Tackling ergot contaminations from day one
Ergot is a term that describes the sclerotia (also known as ergot bodies) produced by fungi in the Claviceps genera, particularly C. purpurea. Toxic alkaloids produced by the fungi are stored in the ergot bodies. The incidence of ergot infection of grains and its severity vary from year to year.
The incidence of ergot infection of grains and its severity vary from year to year. Ergot is most prevalent in years with increased moisture available at the soil surface in spring and early summer or with wet weather prevailing during the flowering stage of cereal crops (Pearse, 1999). Several cereal grain species (including rye, wheat, triticale, barley, oats and others) are vulnerable to ergot infection, producing ergot bodies. Ergot bodies can be removed during seed screening and cleaning processes. If not removed, their presence in these grain screenings still present a health risk for livestock. To limit this risk there are currently regulations for the allowed quantities of ergot bodies in grain and feed (table 1).
The actual content of ergot alkaloids depends on their concentration in the ergot bodies. EFSA has reported a strong correlation between the content of sclerotia and the levels of ergot alkaloids (coefficients ranged between 0.806 for rye grains and 0.972 for triticale grains). However, in the same report, the absence of sclerotia did not exclude the presence of Ergot alkaloid (EA). However some samples with no sclerotia identified showed measurable levels of Ergot Alkaloids (EA’s).
Contamination levels and effects
The effects of ergot toxicity vary among different livestock species. Poultry appears to be able to handle higher dietary alkaloid concentrations than ruminants or swine (Thompson, 2016).
Typical clinical symptoms of ergot poisoning are vasoconstriction, which may progress into gangrene, disruption of reproduction, abortion, neurotoxic signs including feed refusal, dizziness and convulsions, agalactia and adverse effects to the cardiovascular system. Normally these symptoms are associated with high contaminations, above regulations or recommendations limits.
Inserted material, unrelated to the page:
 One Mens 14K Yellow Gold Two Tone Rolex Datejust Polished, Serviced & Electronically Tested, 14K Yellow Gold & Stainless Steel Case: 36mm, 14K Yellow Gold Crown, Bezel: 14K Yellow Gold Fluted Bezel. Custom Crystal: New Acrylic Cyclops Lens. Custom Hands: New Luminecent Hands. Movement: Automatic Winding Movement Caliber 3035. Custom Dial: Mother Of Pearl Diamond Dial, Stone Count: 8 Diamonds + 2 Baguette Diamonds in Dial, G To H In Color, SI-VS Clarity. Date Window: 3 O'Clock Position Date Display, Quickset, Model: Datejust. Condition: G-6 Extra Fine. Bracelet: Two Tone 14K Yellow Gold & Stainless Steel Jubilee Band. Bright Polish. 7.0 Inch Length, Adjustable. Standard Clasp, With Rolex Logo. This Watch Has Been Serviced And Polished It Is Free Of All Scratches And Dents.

There are some ergot reports of concentrations close to regulations already showing a detrimental effect. In a swine trial where the animals were exposed for 28 days to doses with concentrations close to the EU regulations (1.2 and 2.5 gr sclerotia/kg feed), the results were remarkable. The animals that were fed with a higher dosage showed a decrease in feed intake in the second week. The animals that were fed with a lower dosage reported a reduction in the last 14 days of the experiment. No clinical signs of acute toxicity were reported but different organs were affected. In the liver you could see an alteration of the tissue, including development of inflammatory infiltrates. In the jejunum, a reduced villi height and increased damage to the epithelium (Maruo et al., 2018).
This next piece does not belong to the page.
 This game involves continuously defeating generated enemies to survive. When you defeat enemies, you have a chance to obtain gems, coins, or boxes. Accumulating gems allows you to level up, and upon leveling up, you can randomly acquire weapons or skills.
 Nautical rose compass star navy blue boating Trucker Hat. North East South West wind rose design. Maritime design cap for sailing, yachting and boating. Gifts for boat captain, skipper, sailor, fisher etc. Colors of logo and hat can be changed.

Other studies (Oresanya et al., 2003) reported a dose response reduction in ADFI in the last week of a 28 days trial with weaned pigs fed feed containing ergot concentrations ranging from 0.05 to 1.00% of the diets. The reduction in feed intake has been linked to the aromatic properties of ergot alkaloids (Whittemore et al., 1977). Because of several reports of detrimental effects with ergot contamination close to regulation limits, different authors have suggested a more practical table of recommendations taking in consideration the actual alkaloid content rather than ergot bodies.
Contamination levels and effects
At feed mill level, the recommendation to avoid contamination by ergot is the same as any mycotoxin contamination. A good quality control of incoming raw materials that stresses out the importance of a good sampling protocol. Further down the feed manufacturing process some techniques that can reduce the risk include grain cleaning methods (i.e. scalpers, shaker decks) that remove impurities, or specific grain cleaning equipment such as gravitational separators and color sorters. At farm level, the recommendation is to remove the affected feed.
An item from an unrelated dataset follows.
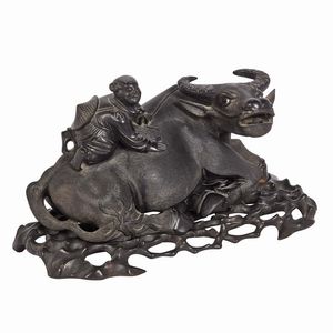 SCULTURA, GIAPPONE, SEC. XX in legno rappresentante un bambino seduto su un bufalo. Alt. cm 20 Lungh. cm 37,5 [..]

As with other mycotoxin contamination, the use of mycotoxin binders is an alternative. While there is very limited reports of in vivo studies testing mycotoxin binders, in vitro binding efficacy, similarly to other mycotoxins, can give an indication of the potential capacity of a product to reduce the effects of ergot contamination when fed to farm animals. Therefore, such in vitro binding tests are very useful for making a differentiation between the different commercial toxin binders available in the market and to select a binder that can bring a real added value in tackling ergot contaminations in animal feed.